ALEJANDRO CERQUEIRA | A CORUÑA
Veinticuatro horas dan para mucho. Para sonreír o para llorar. Para seguir luchando o para rendirse. Para estar un pasito más lejos o para volver al punto de partida. Para los miembros de Narcóticos Anónimos (NA) 24 horas lo son todo. Es el principio, el camino y la meta. En Galicia, los afectados por la adicción tienen un punto en común para reunir la fuerza suficiente que les permita permanecer otro día limpios y seguir sumando pasos en el camino de la recuperación.
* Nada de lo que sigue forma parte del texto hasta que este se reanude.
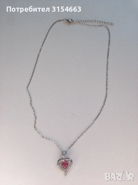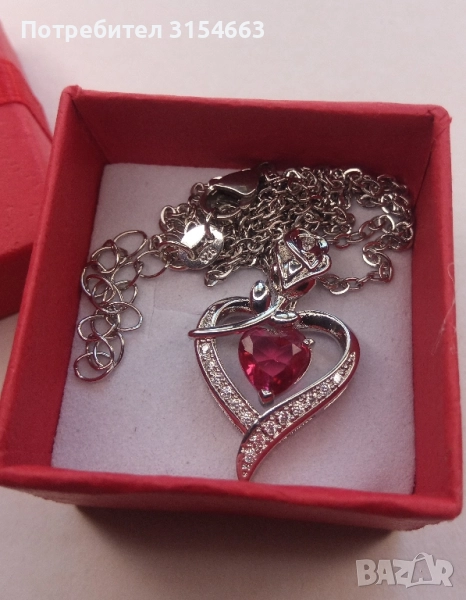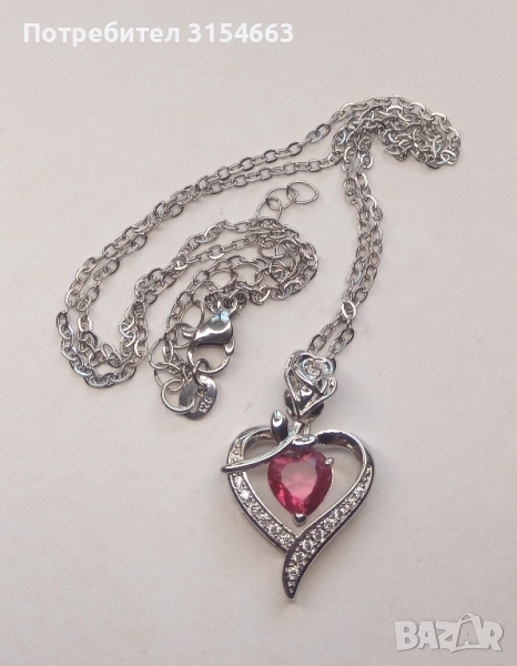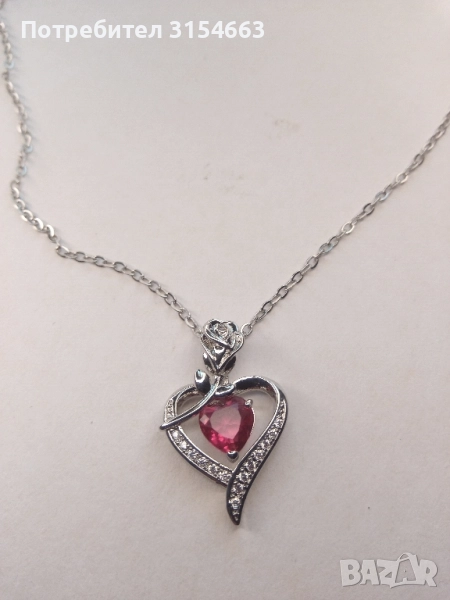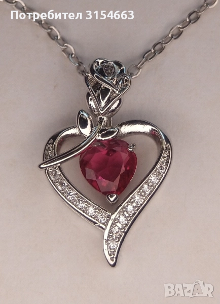 Колие с кристали. Форма на сърце с роза. Размери на сърцето 1,7 см на 2,8 см. Верижка с дължина 50 см. В подаръчна кутийка.
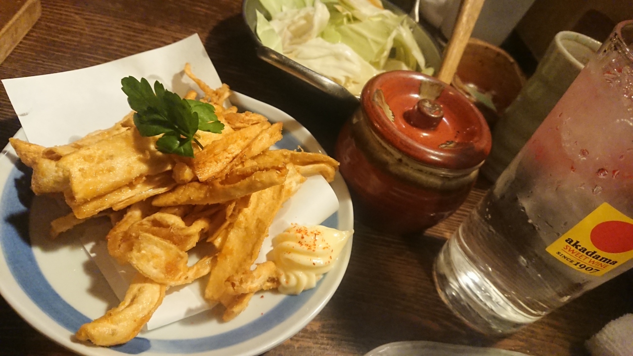 るるぶ栃木に掲載されていて興味を持ったこちらのお店は、宇都宮駅からすぐのところにある焼き鳥屋ならぬ、焼「とん(豚)」屋さん。様々な部位を串で堪能できるのが魅力的。店内は隠れ家的な雰囲気があって、常連になりたくなるようなどこか落ち着く感じがした。また、焼とんだけではなく、寒ぴょうの唐揚げや、宇都宮揚げといった栃木名物メニューも存在するので、観光客も楽しめる。ハニージンジャーソーダを注文したら、本当にショウガが入っていたりと飲み物も他店とは違った楽しみがあったので、また行きたいと思うようなお店だった。この日は、餃子をお昼過ぎに食べたこともあり、さほどお腹が空いていない状態で来店したのだが、二人で6000円は超えたので、金額的にはそんなに安くない印象だが、満足感が得られたので良しかと。お通しのキャベツはお代わり自由とのことだった。

NA nace a partir de Alcohólicos Anónimos. En España la primera experiencia surge en Barcelona hace más de 20 años. En Galicia existe un único grupo, localizado en Vigo, llamado Buena Voluntad. Las reuniones se realizan varias veces por semana en una oficina alquilada con las aportaciones de los propios miembros.
Las reuniones son totalmente libres. Las puertas están siempre abiertas para todo aquel que desee cambiar. "No importa el tipo de droga consumida ni la cantidad. Tampoco la raza, edad, sexo de la persona o situación social" explica Javier (nombre ficticio), uno de los artífices del grupo de Vigo.
El anonimato es esencial para afrontar el proceso de recuperación. Como cuenta Javier en el transcurso de una de las reuniones "no somos narcóticos secretos, somos narcóticos anónimos". Esta sentencia encierra detrás un principio que se puede considerar básico para el enfermo. "Mediante el anonimato el adicto puede asistir a los encuentros sin miedo a repercusiones legales o sociales. De esta manera también se garantiza un ambiente de igualdad".
Para poder ponerse en la piel de un adicto es importante entender que "la adicción es una enfermedad para toda la vida, a la que de momento no se le conoce cura", describe Javier. Esta idea se refleja en los testimonios de todos aquellos que acuden a las reuniones. Clara (nombre ficticio) atestigua esto: "Hasta que no te das cuenta de que eres un enfermo no sabes qué te está pasando".
Quizás por esto, porque es un camino al que no se le conoce final, la base de NA es "sólo por hoy". La premisa general es que "si estás un día sin consumir, puedes estar otro y así sucesivamente", comenta un miembro de Narcóticos Anónimos.
El núcleo del programa se conoce como "Los doce pasos". Son una serie de pautas que se pueden seguir en "el proceso de recuperación. La meta es la rehabilitación en la sociedad, pero este método no es algo que deba cumplirse en un periodo de tiempo determinado o que todos lo lleven a cabo de la misma manera". Admitir la impotencia ante la adicción o hacer inventario de las personas heridas son sólo algunas de estas premisas.
El efecto espejo actúa como catalizador en el proceso de recuperación. A lo largo de sus testimonios, todos los presentes en una reunión dejan claro que ver lo que los compañeros han conseguido les da fuerza. "Cuando llegas a tu primera reunión, te encuentras con gente que entiende por lo que pasas y saber que ellos se mantienen limpios, te ayuda a creer que tú también puedes", explica otro miembro de NA que al igual que sus compañeros prefiere omitir su nombre real.
No existen estudios empíricos sobre la validez terapéutica de este método más allá de los sondeos estadísticos realizados por la propia organización. Pero si en algo coinciden la mayoría de miembros de Narcóticos Anónimos, es que gracias al grupo consiguen afrontar "el milagro de seguir limpios un día más".